While Christian was giving M. Goefle all the particulars of his adventures, and confiding to him also his conjectures and his emotions, they heard from afar the sound of the noisy fanfares. The baron had left the forest as he so frequently disappeared from his saloons. The cold, the fatigue of the expedition, and, above all, his impatience to attend to the business treated of in Johan’s missive, were more than he could endure, and accordingly, after killing a deer, he had stepped into his sleigh under the pretence of going farther on, while the other hunters were requested to pay no attention to his movements, but to continue their sports in any way they chose. Soon after, Larrson and the lieutenant had joined this hunt, where, agreeably to the universal anticipation, no trace of any bears had been seen, but where some few white deer had been killed, and a great number of very large hares.

When the fog came on, the prudent people hastened to drive back to the chateau; but some of the young folks, escorted by all the peasants of the neighborhood, who had been employed as trackers, delayed too long in descending the mountain, and were obliged to stop at the foot ofthe hogar, where Larrson advised that they should wait until the moon arose, or until the vapors hanging over the lake should be lifted by the sudden gust of wind by which the rising of the moon is often preceded. Some of the party had the lanterns of their sleighs lighted, and preferred to return at once, but about a dozen remained. Plenty of brandy was distributed to the peasants, who dispersed to their various homes. The servants and marksmen blew trumpets, and lighted a large fire on the hogar, close to the formless fragments of the statue of snow, and the merry company assembled in the grotto, before which the game was piled up in the form of a pyramid, and gayly chatted there at their leisure, relating their adventures, and discussing the various episodes of the hunt.

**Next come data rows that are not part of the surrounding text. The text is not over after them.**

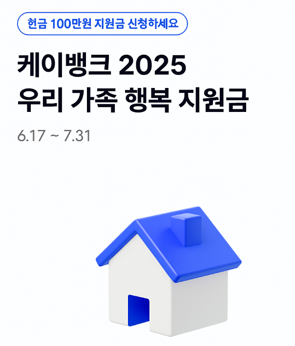 100만원이라는 지원금은 가족의 소소한 행복을 위한 의미 있는 지원이 될 것입니다. 지금 바로 케이뱅크 앱을 통해 신청해보세요.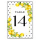 La carte numéro de tableau affiche à l'avant et à l'arrière (double face) des branches de citron aquarelle et des pois. Les articles sont imprimés exactement comme ils apparaissent sur votre écran lorsque vous ajoutez au panier, donc personnalisez et ajoutez chaque numéro de table dont vous avez besoin à votre panier individuellement.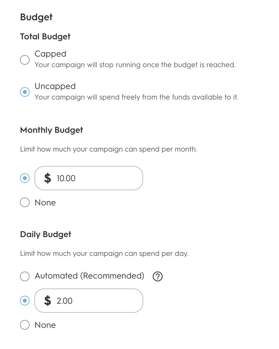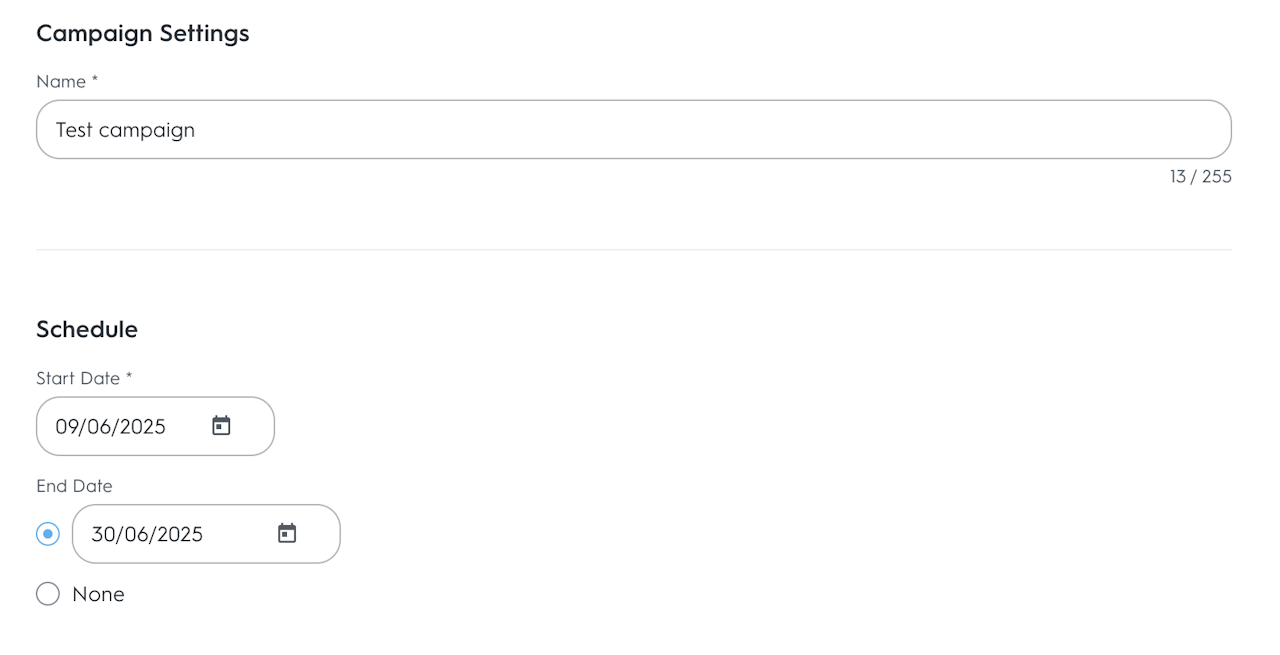 Set the schedule for your campaign, that is, when you want the campaign to start and stop (end date is optional).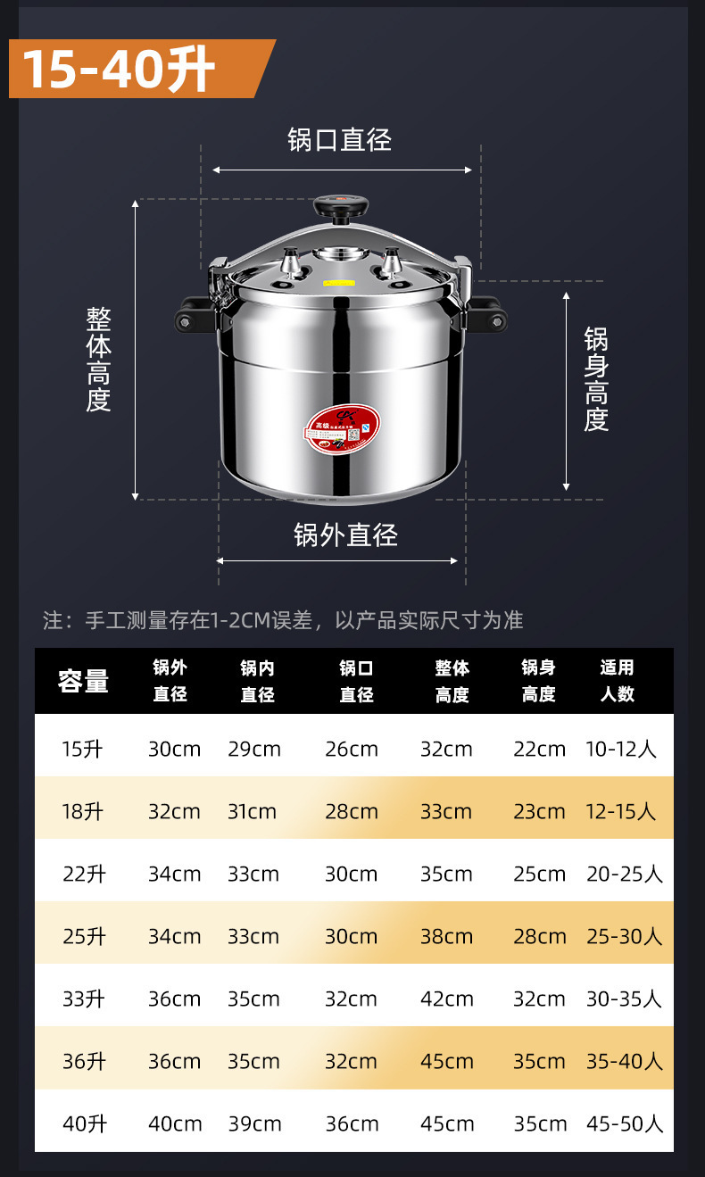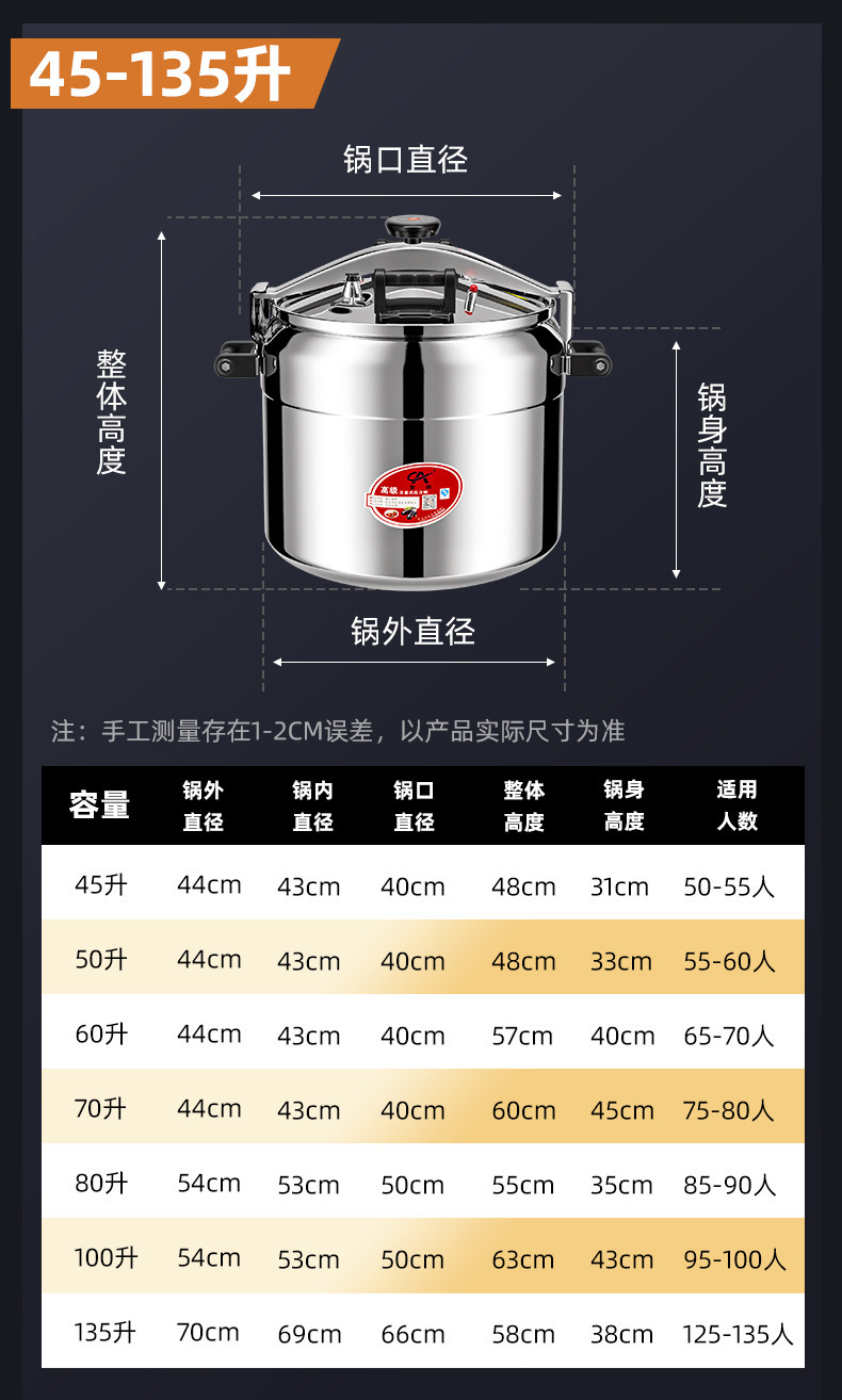 ガス専用9リットル(約8人分) 直径26cm,11リットル(約12人分)ガス専用 直径28cm,15リットル(約15人分)ガス専用 直径30cm,15リットル(15人分)電磁調理器・ガス両用 直径30cm,18リットル(約18人分)ガス専用 直径32cm,18リットル(18人分)電磁調理器・ガス両用 直径32cm,22リットル(約25人分)ガス専用 直径34cm,22リットル(25人分)電磁調理器・ガス両用 直径34cm,ガス専用 25リットル(約30人分) 直径34cm,25リットル(30人分)電磁調理器・ガス両用 直径34cm,33リットル(約35人分)ガス専用 直径36cm,33リットル(35人分)電磁調理器・ガス両用 直径36cm,36リットル(約40人分)ガス専用 直径36cm,36リットル(40人分)電磁調理器・ガス両用 直径36cm,40リットル(約45人分)ガス専用 直径40cm,40リットル(45人分)電磁調理器・ガス両用 直径40cm,45リットル(約51人分)ガス専用 直径44cm,45リットル(50人分)電磁調理器・ガス両用 直径44cm,50リットル(約60人分)ガス専用 直径44cm,50リットル(65人分)電磁調理器・ガス両用 直径44cm,ガス専用60リットル(約70人分) 直径44cm,70リットル(80人分)電磁調理器・ガス両用 直径44cm,ガス専用80リットル(約100人分) 直径54cm,100リットル(約150人分)ガス専用 直径54cm,135リットル(約180人分)ガス専用 直径70cm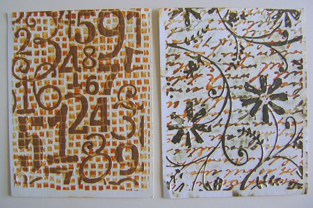 For these backgrounds I used one embossing folder and inked the raised areas and then used another embossing folder on top of it and inked it in another color. The flower piece is upside down! LOL!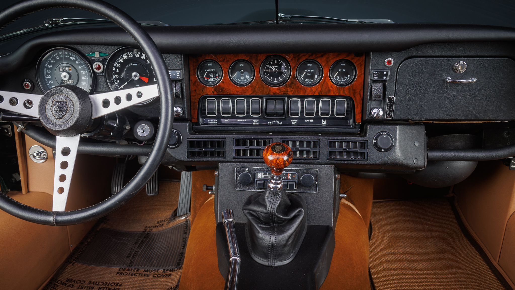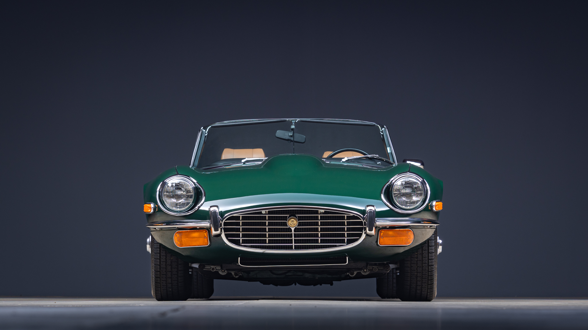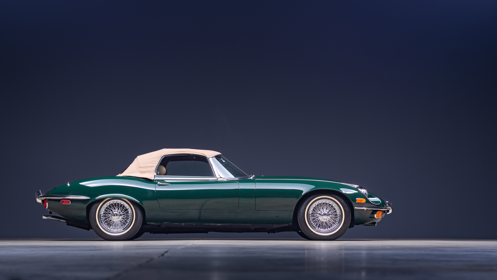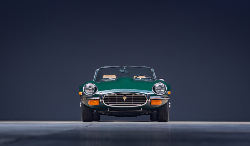 This 1974 Jaguar E-Type Series III roadster is powered by a 5.3-liter V12 linked with a four-speed manual transmission and a limited-slip differential. The car is finished in British Racing Green over Cinnamon leather, and features include a tan soft top, four-wheel disc brakes, power steering, 15” knock-off wire wheels, quadruple Zenith-Stromberg carburetors, air conditioning, wood interior trim, and an AM/FM radio.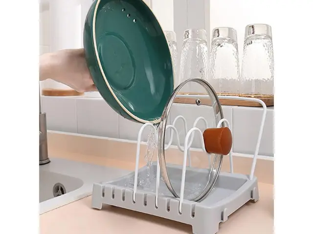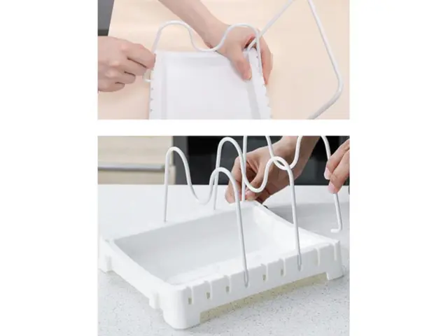 Sušilni stroj je opremljen s 3 premičnimi, nastavljivimi rokami , ki jih lahko poljubno konfigurirate. Izdelate lahko večje ali manjše pregrade . Ob sušilnem stroju je nameščena prečka, ki preprečuje zdrs posode z rešetke . Naglavni trak lahko uporabite tudi kot obešalnik za manjše kuhinjske krpe.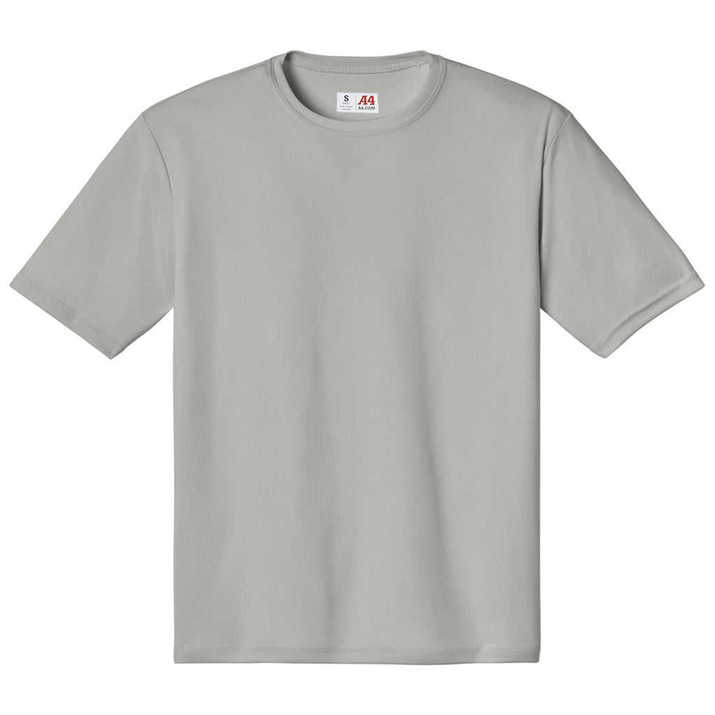 Keep cool with the A4 Men's Silver Cooling Performance Short Sleeve Tee. Built with moisture-wicking fabric, this tee is designed for workouts, sports, or active jobs. Customize it with your logo to create branded apparel that's functional and comfortable. Its lightweight design makes it a reliable choice for corporate promotions or team uniforms.Corresponding Women's Style: A4 Women's Silver Cooling Performance Short Sleeve Tee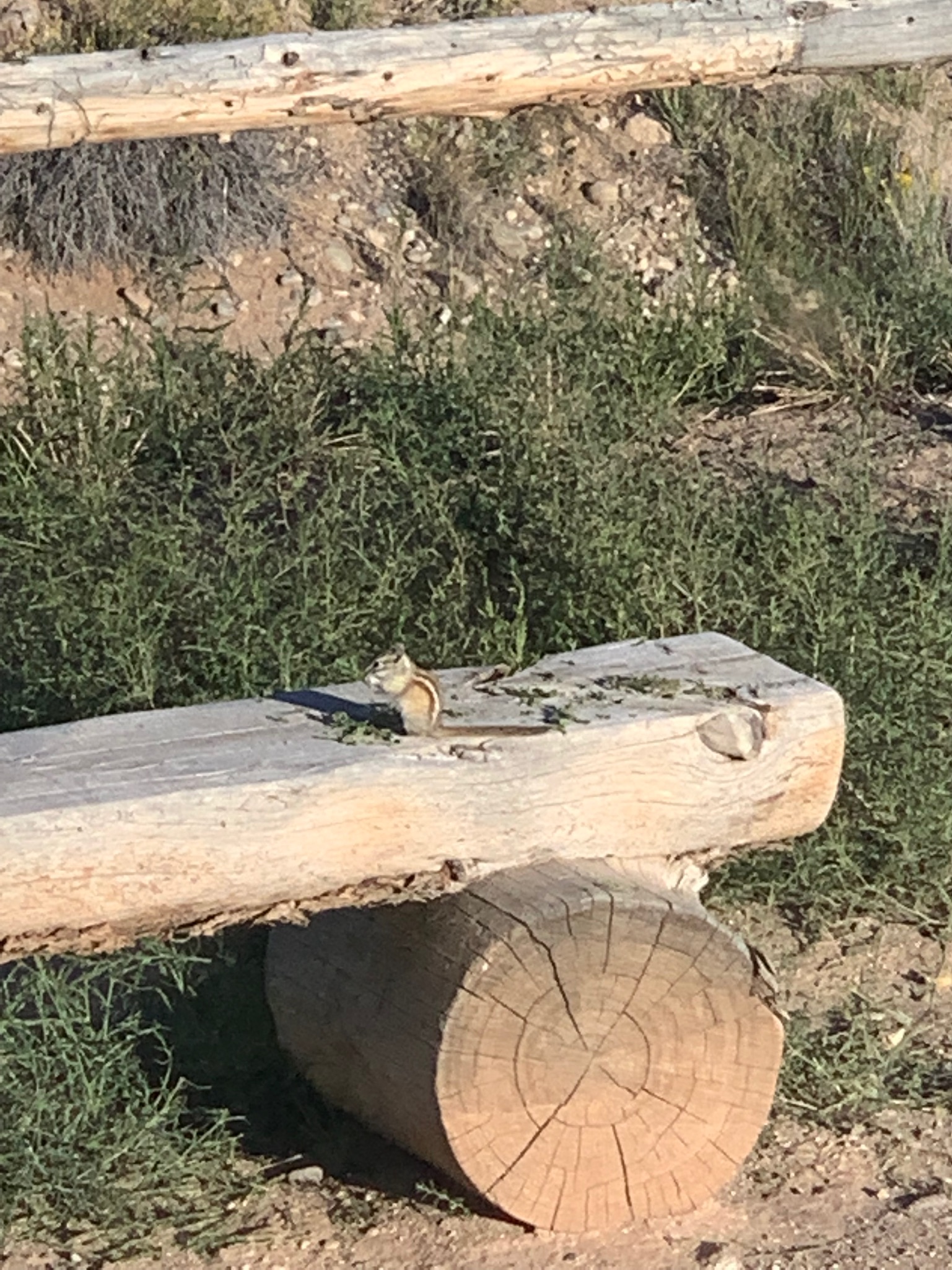 We had frequent visits from the local chipmunks, rabbits, and birds, and the site is also equipped with a picnic table, a fire ring, a bench next to the fire ring and is stocked with firewood as well. Because it has been so smoky and dry, we haven’t been allowed to have fires in most places we have traveled, and haven’t really felt the desire to. But, while looking up at the starry skies one clear and cool evening, and knowing the Dubois area had been getting rain, we felt it was the perfect night for a campfire. We also heard some coyotes calling off in the distance. Later on, we had our neighbors over for a fireside chat as well with their adorable dog Willow, who would frequently swing by and visit us while we were here. 😍
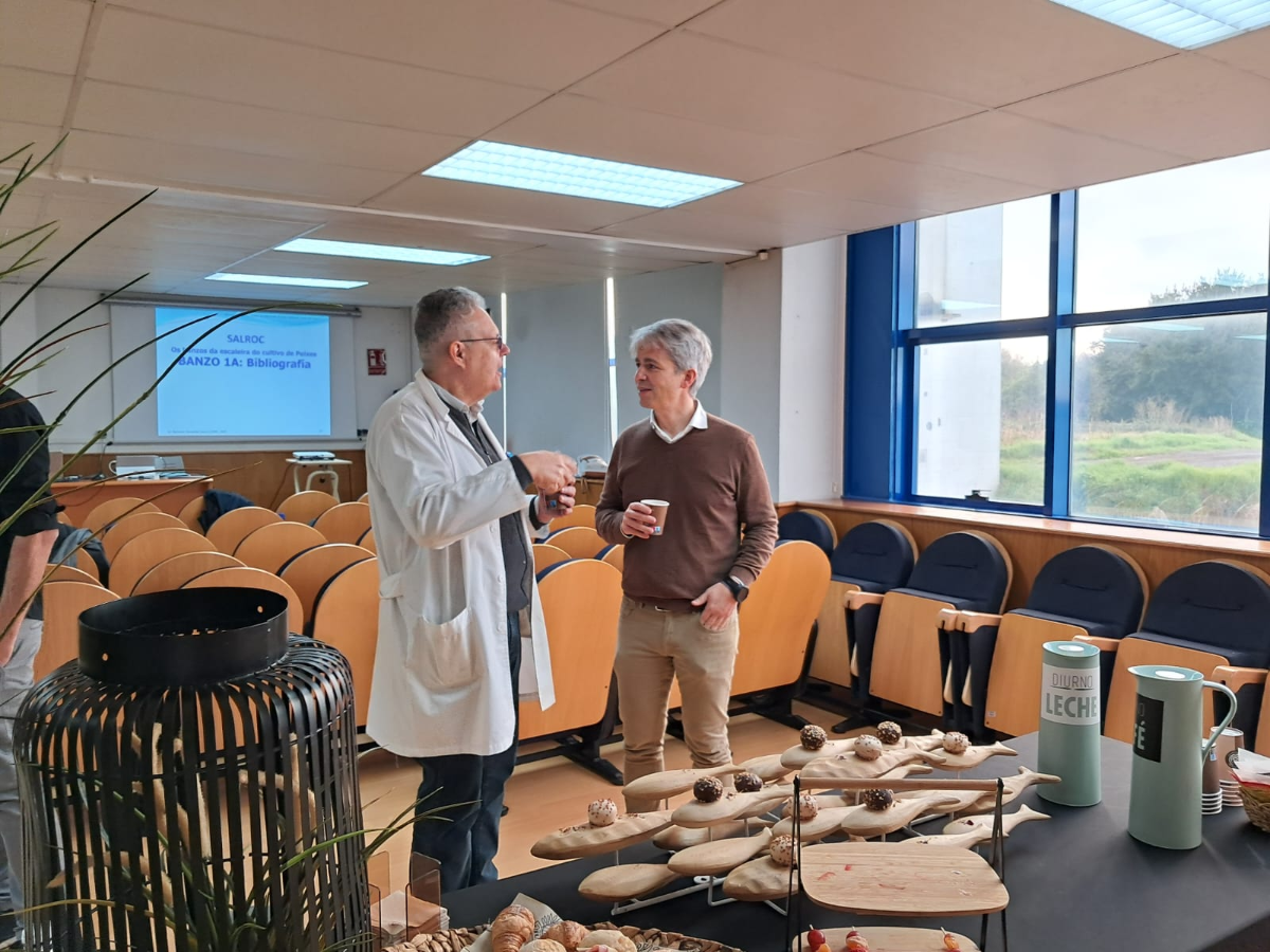 Los oradores del CSIC, Jorge Hernández, Rubén Chamorro e Ignacio Fernández, detallaron en sus intervenciones los estudios que piensan realizar en el futuro, programados para el momento en el que se pueda disponer de larvas de salmonete de roca. Concretamente, en el IIM (Instituto de Investigaciones Marinas de Vigo) se realizarían diversas pruebas de alimentación larvaria en las que se incluiría el suministro de copépodos (Acartia tonsa y Tisbe spp) para intentar optimizar la supervivencia larvaria y en el IGM-León se determinaría la calidad de larvas y alevines mediante la identificación de posibles deformidades esqueléticas utilizando técnicas de coloración diferencial (azul de alcián y rojo de alizarina). Hay que destacar que los tres investigadores del CSIC que participarán en el proyecto SALROC son antiguos alumnos del IGAFA (Instituto Gallego de Formación en Acuicultura), lo que puede dar una idea de la calidad de la formación en acuicultura que se imparte en este centro educativo dependiente de la Consellería do Mar y en el que también fue profesor durante 25 años el investigador principal del proyecto, Bernardo Fernández.

But the major’s stories so far exceeded what any of his companions had to relate, that soon every one was silent, to listen to him. Among his audience, which included both sexes, were Olga, Martina, and Margaret, who had been allowed by her aunt to remain on the hogar with Mademoiselle Potin and the minister’s daughter.

“So, gentlemen,” said Olga to the major and the lieutenant, “you have been slyly performing dangerous exploits, the proof of which you promise to show us to-morrow, if we will consent to take a walk to your house.”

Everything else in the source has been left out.